Added c:\Users\User\GitHub\group-6-final-project to sys.path


In [4]:
from scripts.climate_policy_pipelines.cp1.pipeline import run_cp1a_assessment
from scripts.climate_policy_pipelines.cp1.pipeline import run_cp1a_assessment_large_context
from scripts.climate_policy_pipelines.cp1.pipeline import run_cp1b_assessment
from scripts.climate_policy_pipelines.cp1.pipeline import get_chunks_for_cp1a

In [5]:
from scripts.climate_policy_pipelines.cp1.prompts import cp1a_criterion_1_prompt
from scripts.climate_policy_pipelines.cp1.prompts import cp1a_final_assessment_prompt
from scripts.climate_policy_pipelines.cp1.prompts import comprehensive_assessment_prompt

# CP1a Asessment

CP1a is defined as: **Does the country have a framework climate law or equivalent?**

Based on the ASCOR methodology, a country is assessed as ‘Yes’ if it has a framework climate law that fulfils either 1&2&3 or just 4 of 
the following criteria:

1. It sets a strategic direction for decarbonisation

2. It is enshrined in law

3. It sets out at least one of the following obligations

4. Also check this In exceptional cases, the combination of a broad environmental law and a clearly linked executive climate strategy may be sufficient to meet these criteria

Each criteria is handled by a different LLM, which recieves a criteria-specific prompt + retrieved context relevant to that critera.

We can see the prompt for criteria 1 here:

In [7]:
# Print the system message template
print("System Message Template:")
print(cp1a_criterion_1_prompt.messages[0].prompt.template)

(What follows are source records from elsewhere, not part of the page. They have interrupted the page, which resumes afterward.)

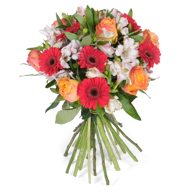 Damska kompozycja to bukiet pełen kobiecego wdzięku i energii. Eleganckie róże wnoszą romantyzm i klasę, wyraziste gerbery dodają radości i optymizmu, a delikatne alstromerie subtelnie dopełniają całość swoją finezją. Świeże zielone liście tworzą naturalną ramę dla tej wyjątkowej kompozycji. Idealny prezent dla każdej kobiety ceniącej piękno i elegancję.
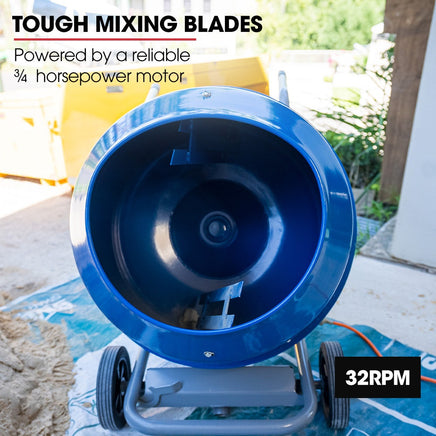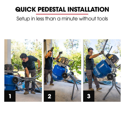 The durable steel drum handles heavy use, while the included pedestal stand allows for easy pouring into raised forms and wheelbarrows. Built for real job sites, the 10 rubber wheels glide smoothly over rough terrain, and the sturdy steel frame withstands tough conditions.
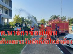 อบต.นาจักรซ้อมแผนป้องกันและระงับอัคคีภัยในสำนักงาน
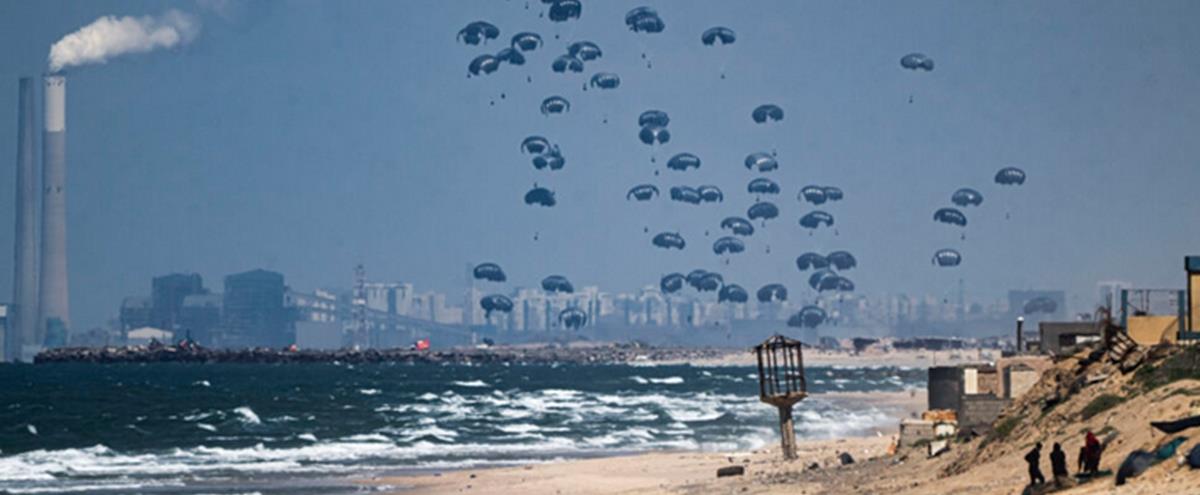 Στρατιωτικά αεροσκάφη ρίχνουν παλέτες με ανθρωπιστική βοήθεια εδώ και αρκετές εβδομάδες, με τη στήριξη χωρών όπως το Ηνωμένο Βασίλειο, η Γαλλία, οι ΗΠΑ, η Αίγυπτος και η Ιορδανία.

print("\n" + "="*50 + "\n")

# Print the human message template  
print("Human Message Template:")
print(cp1a_criterion_1_prompt.messages[1].prompt.template)

System Message Template:
You are an expert legal analyst specializing in climate legislation. 
    Your task is to evaluate whether a climate law sets a strategic direction for decarbonisation.
    
    A law meets this criterion if it includes a clear statement to meet the goals of the Paris Agreement 
    OR a national long-term decarbonisation target.
    
    For any claims you make, you **MUST** include the page number and document citation in the format (page X, doc Y).

     
    Respond with only 'YES' or 'NO' followed by a brief explanation.


Human Message Template:
Context: {context}

Does this law set a strategic direction for decarbonisation?

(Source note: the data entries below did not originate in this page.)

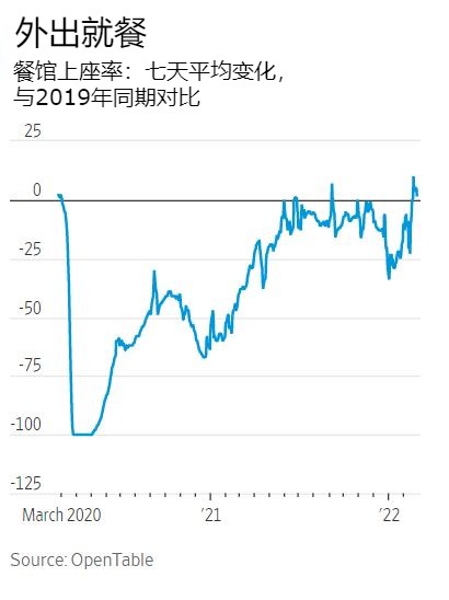 但现在,利维一直在关注美国消费者支出和产出在2月份每周上升的迹象。在线餐厅预订业务OpenTable的报告称,美国餐厅座位数在今年早些时候下滑后,2月份的数字比疫情前的水平还高6%。
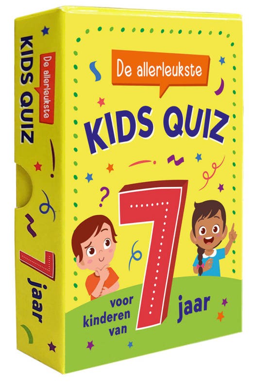 Een superleuke doos met 50 kleurrijke kaarten waarop meer dan 150 quizvragen staan! Ze werden speciaal voor kinderen van 7 jaar bedacht en handelen over de meest uiteenlopende onderwerpen zoals natuur, dieren, dagelijks leven, sport, vrije tijd en nog veel meer. Hoe heet de sneeuwman uit de film ‘Frozen’? Hoe noem je iemand die een ruimtevaart maakt? Bij welke sport doe je schoolslag? Test je kennis met deze en nog een heleboel andere vragen en word een echte puzzelkampioen!
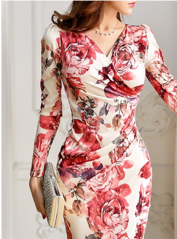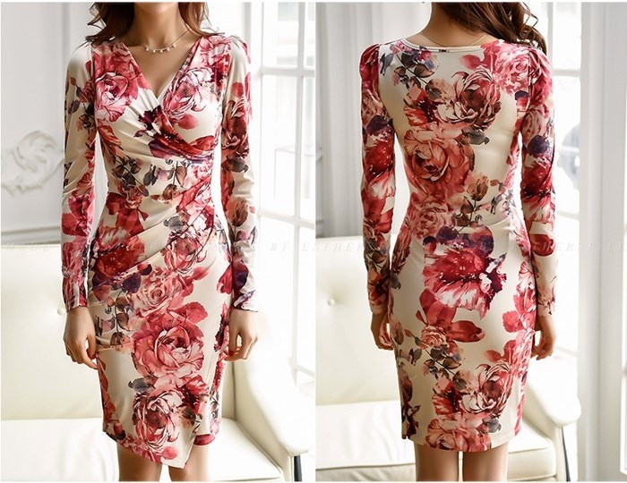 商品名:ワンピース 花柄 フラワー ボタニカル カシュクールワンピース タイトワンピース 春 夏 レディース パーティードレス 40代 ファッション 2017 春夏 新作 ワンピ

According to ASCOR methodology, if 1,2,3 are satisfied or 4 is satisfied, then CP1a is answered as Yes.

We therefore use another LLM to evalute the overall prompt based on the other LLM's responses. Lets have a look at its prompt:

In [8]:
# Print the system message template
print("System Message Template:")
print(cp1a_final_assessment_prompt.messages[0].prompt.template)

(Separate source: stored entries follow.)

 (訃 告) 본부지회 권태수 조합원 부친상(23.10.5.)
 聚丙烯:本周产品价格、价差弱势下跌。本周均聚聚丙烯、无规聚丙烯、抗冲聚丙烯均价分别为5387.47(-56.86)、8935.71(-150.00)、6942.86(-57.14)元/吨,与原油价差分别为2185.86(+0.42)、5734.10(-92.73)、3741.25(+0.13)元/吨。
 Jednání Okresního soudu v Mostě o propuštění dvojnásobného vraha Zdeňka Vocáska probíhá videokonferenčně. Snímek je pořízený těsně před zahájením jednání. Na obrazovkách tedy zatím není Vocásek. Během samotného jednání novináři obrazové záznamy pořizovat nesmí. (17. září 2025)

print("\n" + "="*50 + "\n")

# Print the human message template  
print("Human Message Template:")
print(cp1a_final_assessment_prompt.messages[1].prompt.template)

System Message Template:
You are an expert legal analyst making a final assessment of climate legislation.
    
    A country is assessed as 'YES' for having framework climate law if:
    - Criteria 1, 2, AND 3 are all satisfied, OR
    - Criterion 4 is satisfied (exceptional case)
   
    For any claims you make, you **MUST** include the page number and document citation in the format (page X, doc Y).

    Based on the individual assessments, provide a final 'YES' or 'NO' answer with reasoning.


Human Message Template:
Individual criterion assessments:
    Criterion 1 (Strategic direction): {criterion_1_result}
    Criterion 2 (Enshrined in law): {criterion_2_result}
    Criterion 3 (Obligations): {criterion_3_result}
    Criterion 4 (Exceptional case): {criterion_4_result}
    
    What is the final assessment?



### What content does the assessment use?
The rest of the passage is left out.